計画は立てた側から古くなる。プロジェクトを取り巻く状況はどんどん変化する。ステークスホルダーからの変更要求は目白押しだ。しかし、プロジェクトのゴールは動かない。

プロジェクトは遠泳に似ている… 潮や風に流されながら、動かない陸地に向かって延々と泳ぐ。ペースを上げたり泳ぐ向きを変えたり軌道修正しながら、ゴールを目指す。しくじれば、溺レル。

PMBOKでは、コントロールプロセスからの派生としてプロジェクト計画への「変更要求」が出てくるというが、Managing Product Development のInvest in the Design of Your Project Every Day だともっと大胆だ。「毎日」だから。
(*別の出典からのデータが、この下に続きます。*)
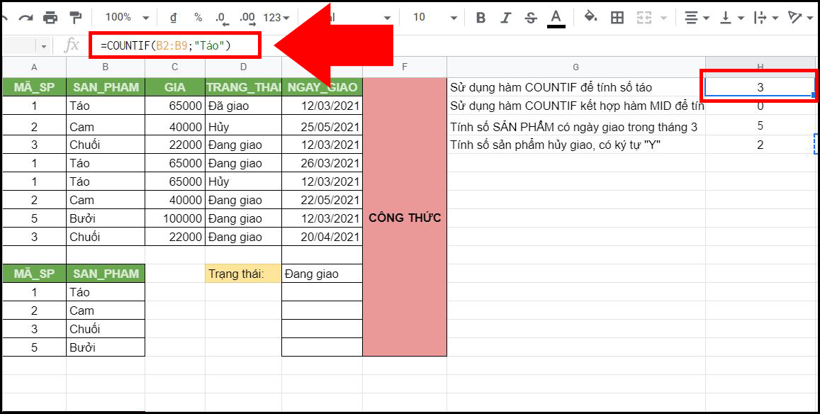 + Ý nghĩa công thức: Dữ liệu trong dải ô A2:A9 có xuất hiện 3 lần chữ "Táo". Vậy hàm COUNTIF sẽ cho ra kết quả là 3.
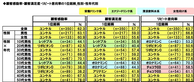 女性に限った場合においても、≪顧客感動率≫、≪顧客満足度≫、≪リピート意向率≫の1位は「ユンケル」(顧客感動率60.9%、顧客満足度55.6%、リピート意向率58.6%)であったが、年代別にみていくと、≪顧客感動率≫では10代女性の1位は「レッドブル」(44.4%)となり、≪顧客満足度≫では10代女性と20代女性の1位は「オロナミンC」(それぞれ62.5%、44.3%)、≪リピート意向率≫では20代女性と30代女性の1位は「チョコラBB」(それぞれ58.5%、61.1%)となった。
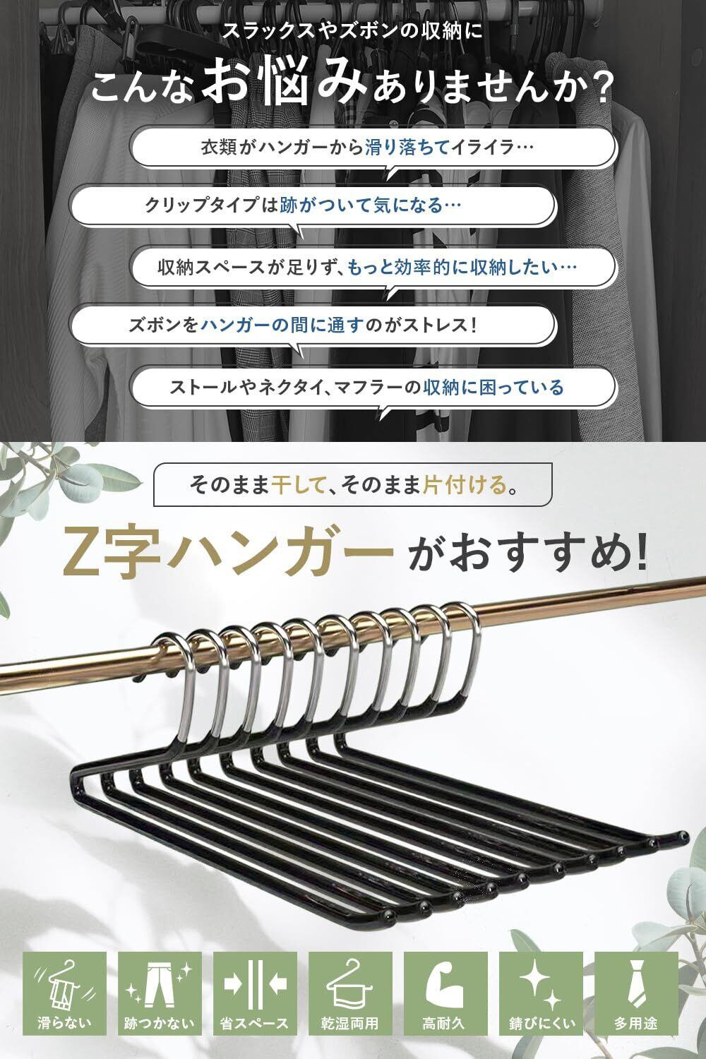 【万博出展ブランド】1秒で掛けられるZ字型×滑らない加工済み [ズボン・タオル掛けに最適] スラックスハンガー ズボンハンガー (ブラック 20本セット)
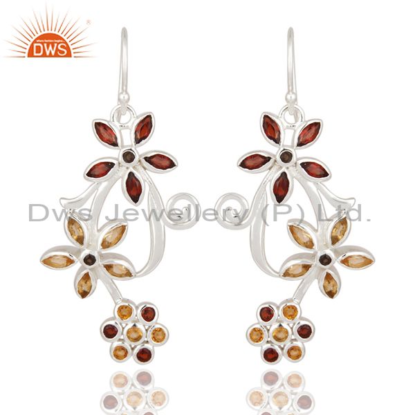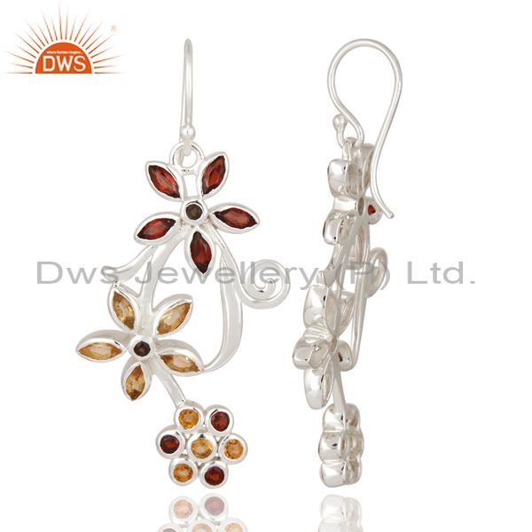 Solid 925 Sterling Silver Garnet, Smoky Quartz And Citrine Dangle Earrings

We've all see the phenomenon that as soon as you've scheduled the project, the schedule is out of date. If you plan to invest in replanning and rescheduling, that doesn't matter.
[私訳] いったん立てたプロジェクト計画が、あっというまに古いものになることはよくあります。しかし、プロジェクト計画を見直したり、スケジュールを引きなおすことを予め計画化しておくことで、これを回避することができます。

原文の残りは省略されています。